3. Data exploration/visualization/analysis

  • Useful Python libraries like Numpy, Pandas, Matplotlib, Scipy and Seaborn are used to study, visualize and analyze each and every one of the features which could potentially affect the price of the vehicle. The features which statistically hold little/no importance are dropped.

4. Building the Model

  • I have employed two Decision tree based models: Random Forest and GradientBoosting.
  • Random Forest: Random forest uses large number of complex and random decision trees(low bias - high variance) in parallel.
  • Gradient Boosting: GradientBoosting also employs large number of weak learners(high bias - low variance) and they improve upon the errors made by the previous weak learners.

5. Conlusions/Remarks/Future

  • The two models are compared and the one with the lower RMSE is preferred.
  • Limitations: Discuss the possible reasons preventing the model from performing better.
  • Future directions: I'd like to employ some of the advanced frameworks like XgBoost and Neural Networks using the Tensorflow library to see how they perform.
  • Future directions(contd..): The goal is to eventually deploy the model on a webpage so that anybody can take advantage of this model.
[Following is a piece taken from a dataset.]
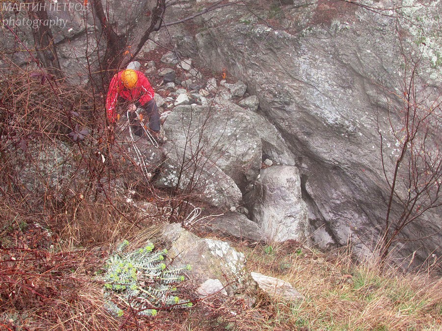 В горната част на водопада, има едно място за слизане, на което човек трябва да е супермен без да се пребие (слиза се на къс рапел с установка от клинове). Дву метров водопад, по който иначе да се слезе е почти немислима задача. "Пътечка" с единственото място за подход, по който изглеждаше минаваемо подсича изключително стръмният склон, от който на метър под "пътеката" се вижда това от долната снимка, само че погледнато отгоре. Натоварен с въжета и инвентар стъпвайки на пръсти, се озовах на площадката, от която изхвърлих въжето, след като разбира се го вързах за предварително направената установка.

All you got to do is to just feed in the features you're looking for in your dream car and the model will predict its price.
  • Future directions(contd..): I'd like to also span not just the area of Cleveland but eventually extend it to all the parts of the US as well as include other vehicles other than just sedans or suvs. This sort of functionality will require me to scrape more and more data. And as they say, 'large and good quality data always beats any fancy algorithm', I hope to build a robust and accurate ML platform for the users.